Input data:

^^^^

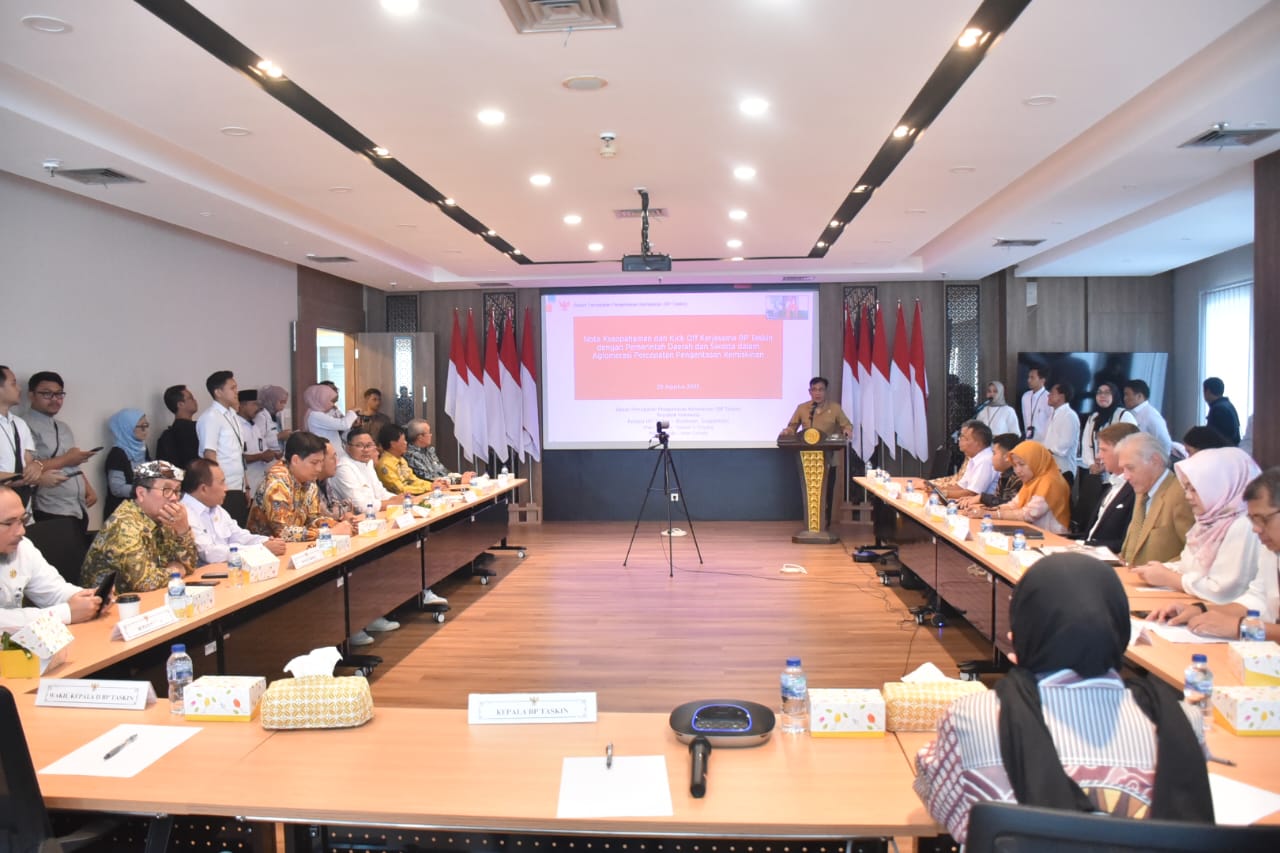 JAKARTA, Bupati Dian Rachmat Yanuar menghadiri Penandatanganan Nota Kesepahaman (MOU) Proyek Implementasi Penerapan Skema Semi Closed-Loop Suplly Chain (SCLSC) dalam Industrialisasi Pertanian dan Metrial Baru untuk Pengentasan Kemiskinan, bertempat di Kantor BP Taskin, Gedung Grand Kebon Sirih, Menteng, Jakarta Pusat. (20/08/2025)
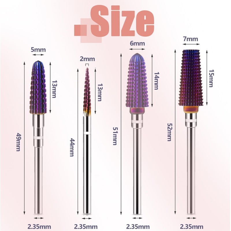 - Professional 5 in 1 Nail Tools: Including 2 Pcs Fine Grit nail drill bits and 2 Pcs Medium Grit nail drill bits, different tooth designs to meet different requests; Shank size: 3/32".
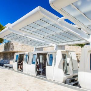 • A computer-operated tram takes you from the street-level entrance to the top of the hill. The tram is fully accessible. From the parking structure, take the elevators up to the Lower Tram Station (T1).

^^^^

Required work: All of the listing above must be output exactly, except for its pictures.

Result for this exercise:
 JAKARTA, Bupati Dian Rachmat Yanuar menghadiri Penandatanganan Nota Kesepahaman (MOU) Proyek Implementasi Penerapan Skema Semi Closed-Loop Suplly Chain (SCLSC) dalam Industrialisasi Pertanian dan Metrial Baru untuk Pengentasan Kemiskinan, bertempat di Kantor BP Taskin, Gedung Grand Kebon Sirih, Menteng, Jakarta Pusat. (20/08/2025)
 - Professional 5 in 1 Nail Tools: Including 2 Pcs Fine Grit nail drill bits and 2 Pcs Medium Grit nail drill bits, different tooth designs to meet different requests; Shank size: 3/32".
 • A computer-operated tram takes you from the street-level entrance to the top of the hill. The tram is fully accessible. From the parking structure, take the elevators up to the Lower Tram Station (T1).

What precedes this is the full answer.